Work we did this week: We started our work with ComplexMergeResolver and have successfully implemented the functionality. We have successfully converted entity objects into arrays using serialization API and then we have used relaxedws/merge  library to detect any merge conflicts and merge them otherwise. The functionality is implemented and now we are writing tests to ensure it’s correct working. I’m really happy that we’re on the verge of completing our last development task. All the code we've written so far can be found here and the tests we've written are availiable here.

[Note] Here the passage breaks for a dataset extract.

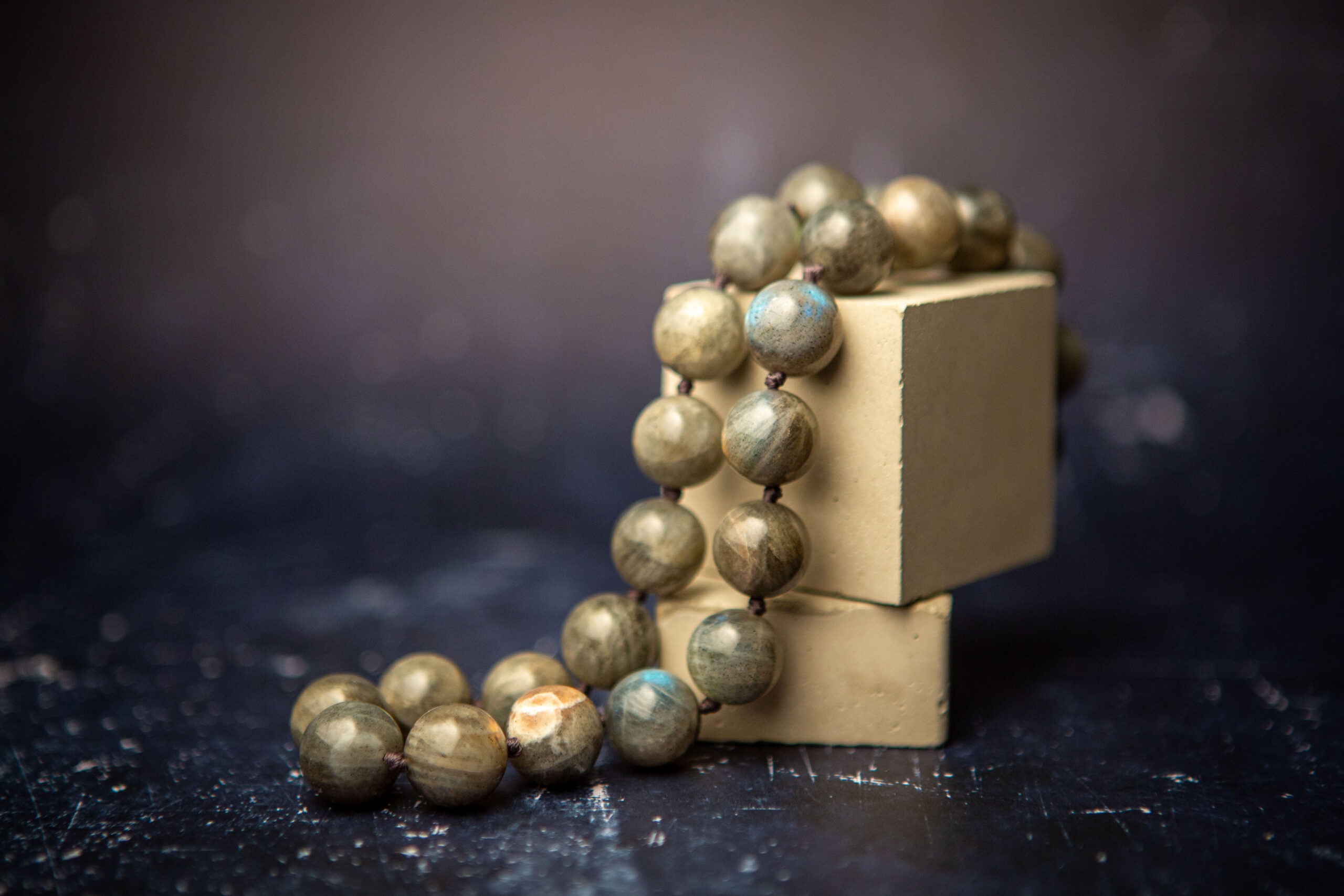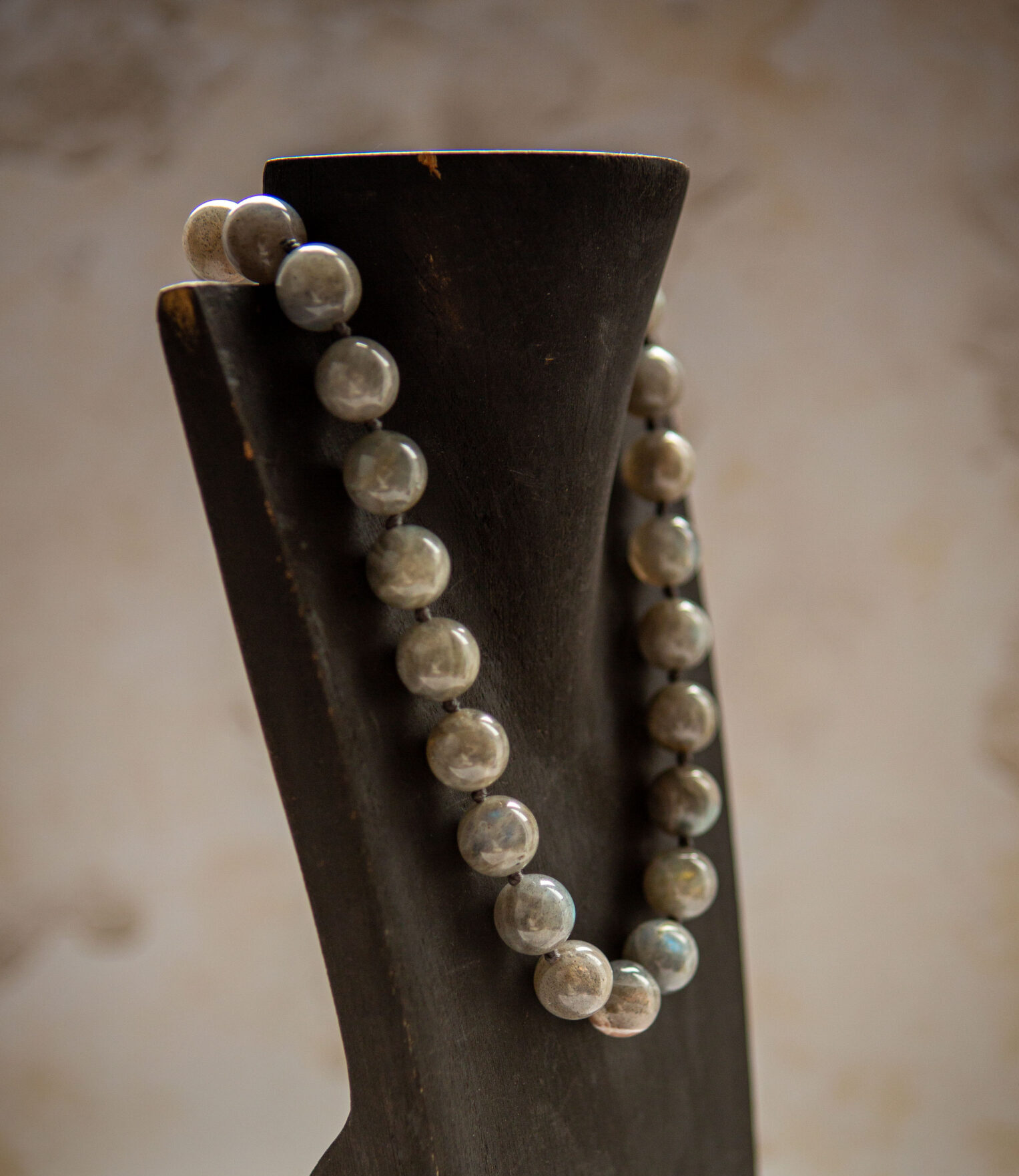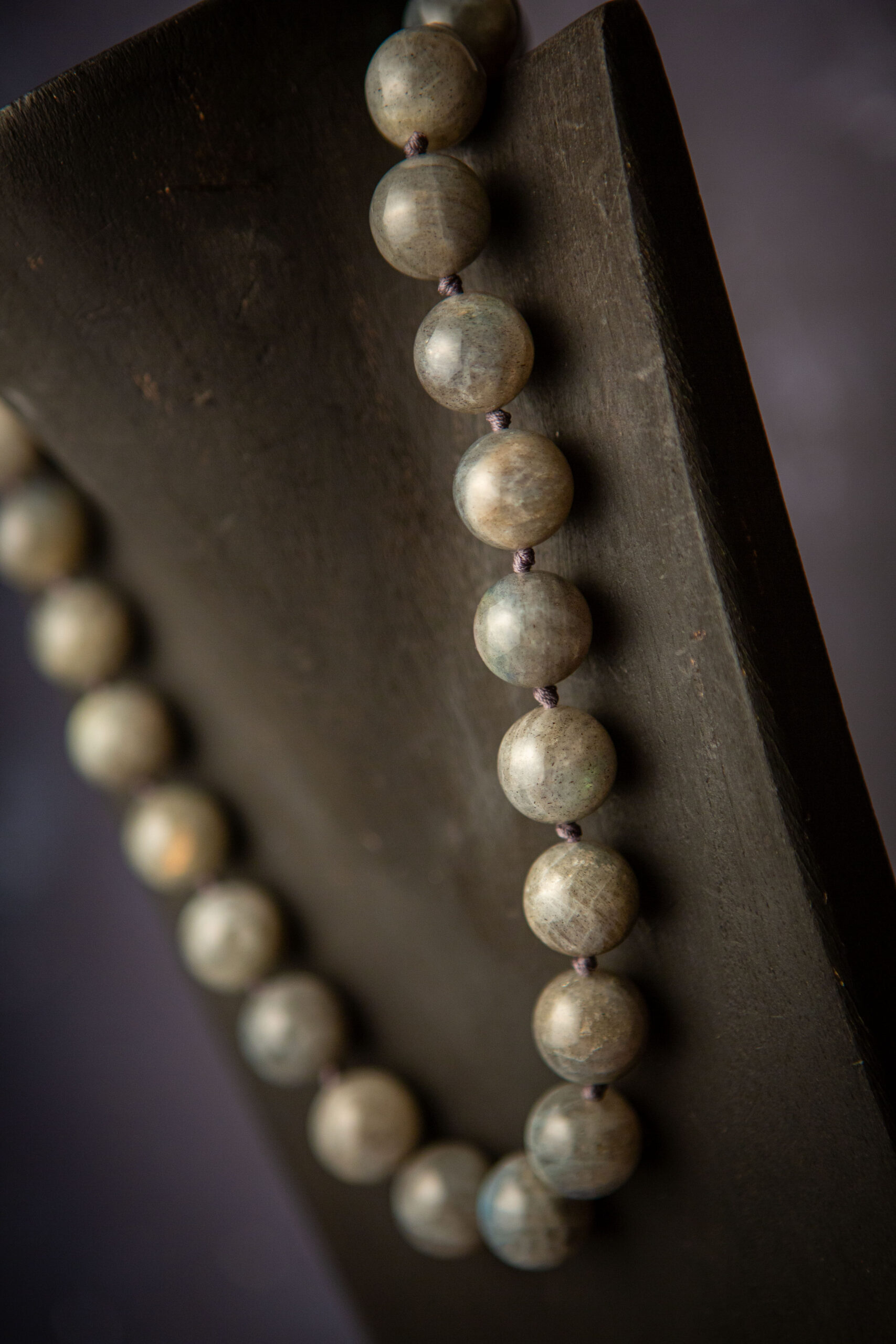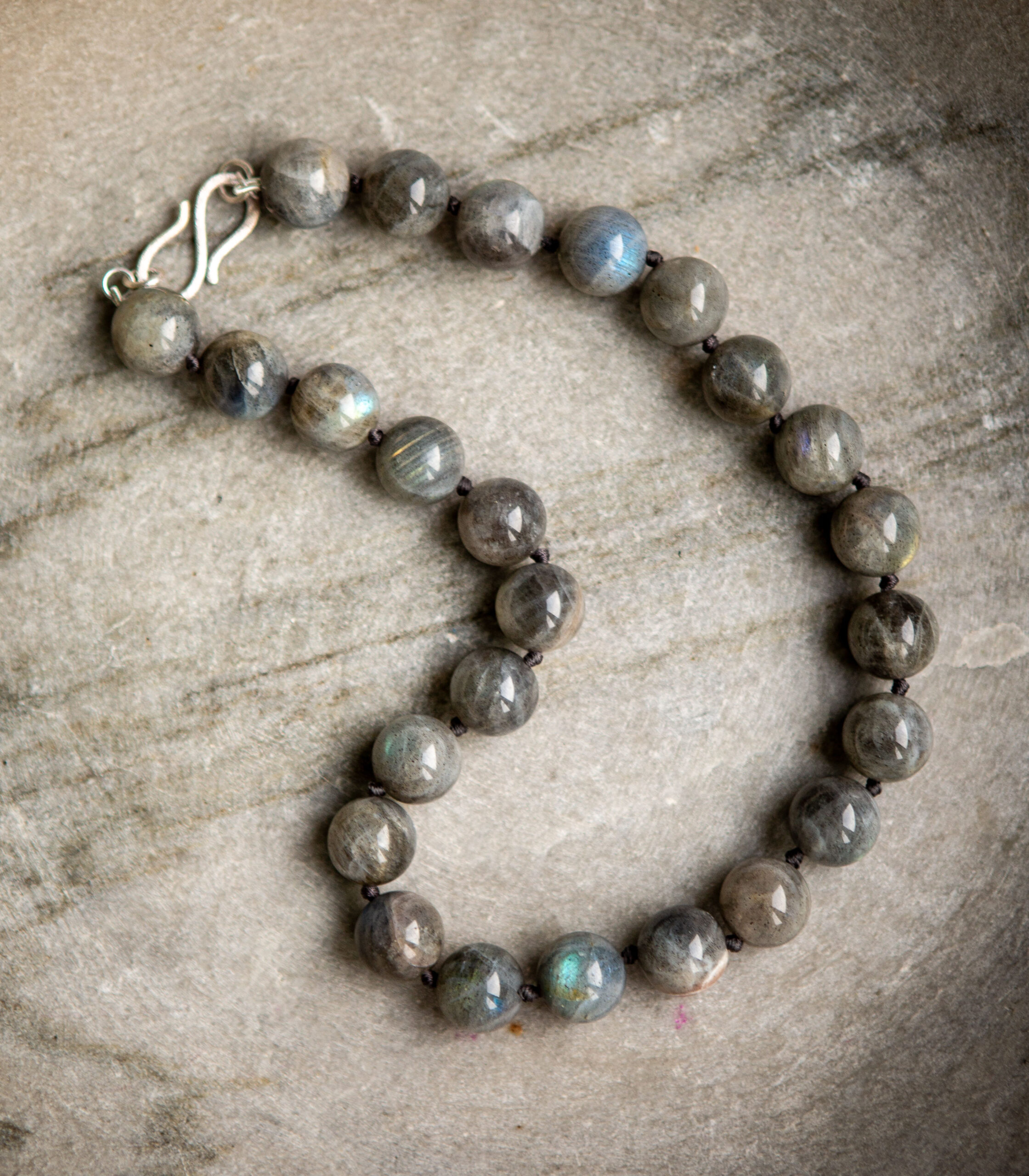 Gorgeous beads of polished labradorite are hand-knotted into a lovely, tactile necklace. The labradorite stones are complimented by a contemporary silver clasp.

Aim for the next week: AAhhhhhhh!!!! Unfortunately, this is the last week. The only Aim for next week would be to plan how can I keep contributing to what I have created so far and other parts of this module.

I’d really like to thanks Matthew Lechleider. He talks to us once every week but has taught us one of the most important things i.e, to think thoroughly and define our tasks in very simple language. As a developer, we know what we have developed but most of the times, we’re not really able to make non-devs understand what our code is doing and what is the actual project. From the very starting where we started writing proposals to the very end, he used to tell me to “explain it in detail”. All of a sudden, it all makes sense now. Thanks a lot Drupal Community. Thanks a lot. You've given me an experience I'd never forget.